It is well known that if $f:\mathbb{R}^n\to\mathbb{R}$ is $C^1$ smooth function on an open domain, then $f$ is convex if and only if $$f(y)\geq f(x)+\nabla f(x)^T(y-x),\ \forall x,y\in \text{dom}(f).$$
Similarly, I suspect that the same relationship also holds for a $C^0$ non-smooth function whose gradients exist almost everywhere (e.g., piecewise continuous function) and would like to show the proof.

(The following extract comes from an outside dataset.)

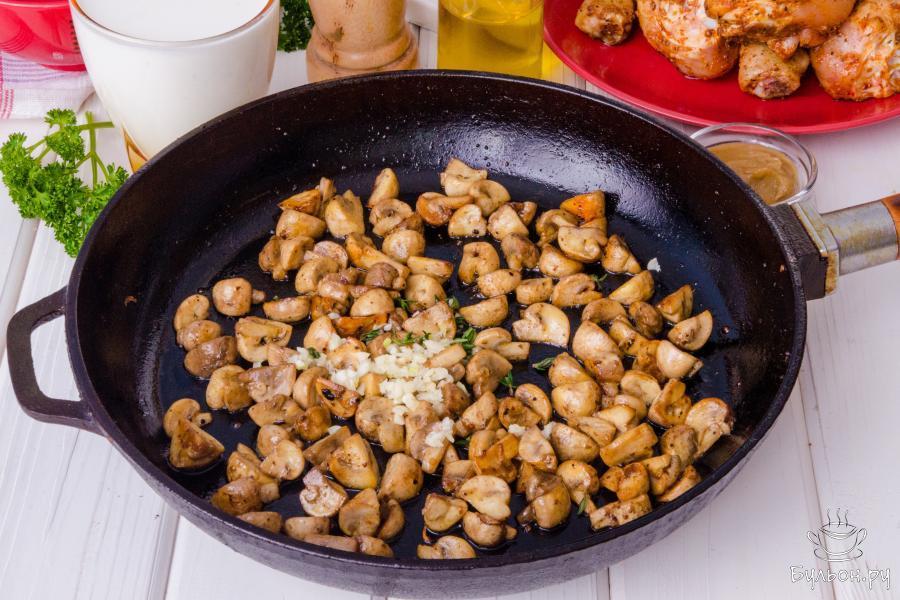10. Добавляем к грибам нарезанный чеснок и, по желанию, листики свежего тимьяна. Вместо свежего тимьяна можно использовать любые любимые травы по вкусу. Прогреваем грибы с чесноком и тимьяном 30-40 секунд.

Currently, I have some difficulties to modify the gradient inequality above considering the "almost everywhere" condition. Any references and counterexamples are very welcome.
If $\nabla f(x)$ only exits for almost all $x$, then you have to modify the inequality to take this into accout. Assume $f$ and almost everywhere differentiable and satisfies $$ f(y) \ge f(x) + \nabla f(x)^T(y-x) $$ for all $y$ and all $x$ such that $\nabla f(x)$ exists.

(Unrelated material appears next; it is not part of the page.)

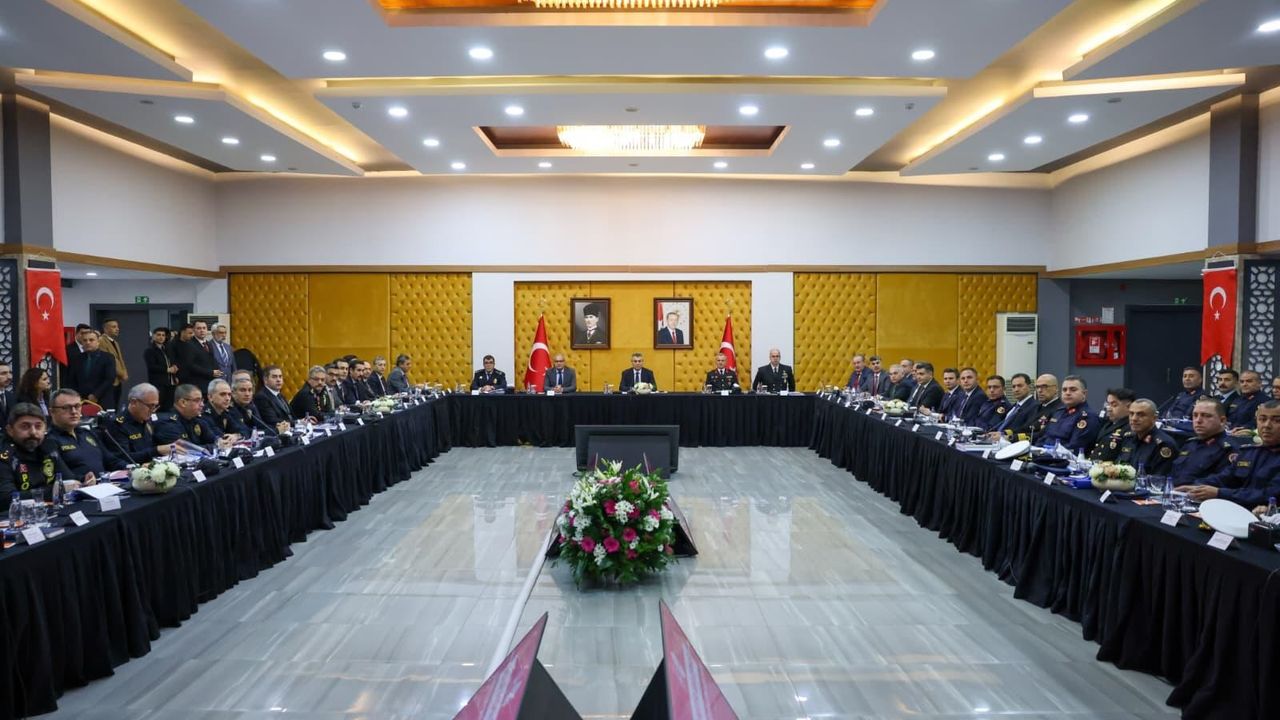 Mersin Valisi Atilla Toros, birlikte Mersin İl Jandarma Komutanı Tuğgeneral Ercan Atasoy, İl Emniyet Müdürü İdris Yılmaz ve Sahil Güvenlik Akdeniz Bölge Komutanı Tuğamiral Gökmen Gücüyen ile birlikte, asayiş yıl sonu değerlendirme toplantısı gerçekleştirdi. Mersin Öğretmen Evi'nde gerçekleşen toplantıda konuşan Vali Atilla Toros, 2025 yılının Mersin’in huzur ve asayişini daim kılma, iradeleriyle, güvenlik birimlerinin eliyle, sahaya kararlılıkla yansıtıldığı bir yıl olduğunu belirterek, "Bu irade jandarma, emniyet ve sahil güvenlik başta olmak üzere tüm güvenlik güçlerimizin; özverili çalışmalarıyla, somut başarılara dönüşmüştür. Huzuru bozan, suçu geçim kapısı haline getiren, özellikle gençlerimizin geleceğine kasteden, hiçbir kişi ya da yapıya, asla geçit vermedik.

Take $x,y$, $\lambda\in(0,1)$ such that $\nabla f(\lambda x + (1-\lambda )y)$ exists. Then $$ f(x) \ge f(\lambda x + (1-\lambda )y) + (1-\lambda) \nabla f(\lambda x + (1-\lambda )y)(x-y) $$ and $$ f(y) \ge f(\lambda x + (1-\lambda )y) - \lambda \nabla f(\lambda x + (1-\lambda )y)(x-y). $$ Multiplying the first inequality by $\lambda$, the second by $1-\lambda$, adding them gives $$ \lambda f(x) + (1-\lambda)f(y) \ge f(\lambda x + (1-\lambda )y) $$ for all $\lambda$ such that $\nabla f(\lambda x + (1-\lambda )y)$ exists.
Now let $x,y$ and $\lambda\in (0,1)$ be arbitrary, set $z:=\lambda x + (1-\lambda) y$. Then for all $\epsilon>0$ there exists $z_\epsilon \in B_\epsilon(\lambda x + (1-\lambda )y)$ such that $\nabla f(z_\epsilon)$ exists. Set $x_\epsilon:= x+(z_\epsilon-z)$, $y_\epsilon:=y+(z_\epsilon-z)$, then $z_\epsilon = \lambda x_\epsilon + (1-\lambda)y_\epsilon$. This implies $$ f( \lambda x_\epsilon+ (1-\lambda)y_\epsilon ) \le \lambda f(x_\epsilon) + (1-\lambda)f(y_\epsilon). $$ Passing to the limit with $\epsilon\searrow0$ we get the inequality $$ \lambda f(x) + (1-\lambda)f(y) \ge f(\lambda x + (1-\lambda )y) $$ by continuity of $f$.
(In the last step it is important to perturb $x$ and $y$. A perturbation argument for $\lambda$ is not enough as lines have zero measure in dimension $n>1$.)